WORK TO BE COMPLETED: Once you find the line with "Esto le dio" in the listing below, set down exactly every line from it through the line with "地质雷达三维探测结果——通过CT切片的形式精细反映隧道周边水体三维分布情况", but no pictures.

INPUT FOR THIS TASK:
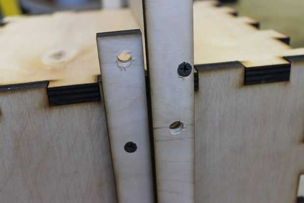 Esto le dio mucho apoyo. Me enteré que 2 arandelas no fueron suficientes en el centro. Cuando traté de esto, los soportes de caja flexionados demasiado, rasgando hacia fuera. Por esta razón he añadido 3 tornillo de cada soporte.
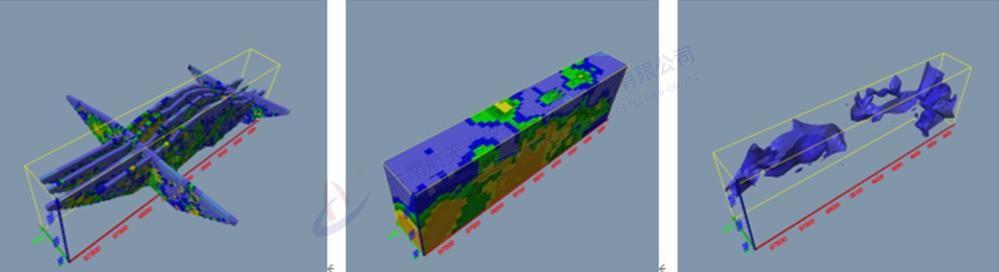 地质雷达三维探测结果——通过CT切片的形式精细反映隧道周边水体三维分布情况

---

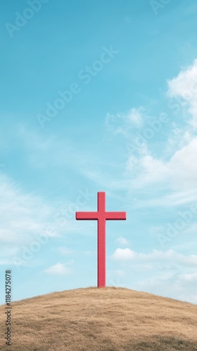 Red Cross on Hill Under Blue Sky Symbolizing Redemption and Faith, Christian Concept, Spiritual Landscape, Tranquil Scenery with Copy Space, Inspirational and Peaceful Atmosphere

ANSWER TO THE EXERCISE:
 Esto le dio mucho apoyo. Me enteré que 2 arandelas no fueron suficientes en el centro. Cuando traté de esto, los soportes de caja flexionados demasiado, rasgando hacia fuera. Por esta razón he añadido 3 tornillo de cada soporte.
 地质雷达三维探测结果——通过CT切片的形式精细反映隧道周边水体三维分布情况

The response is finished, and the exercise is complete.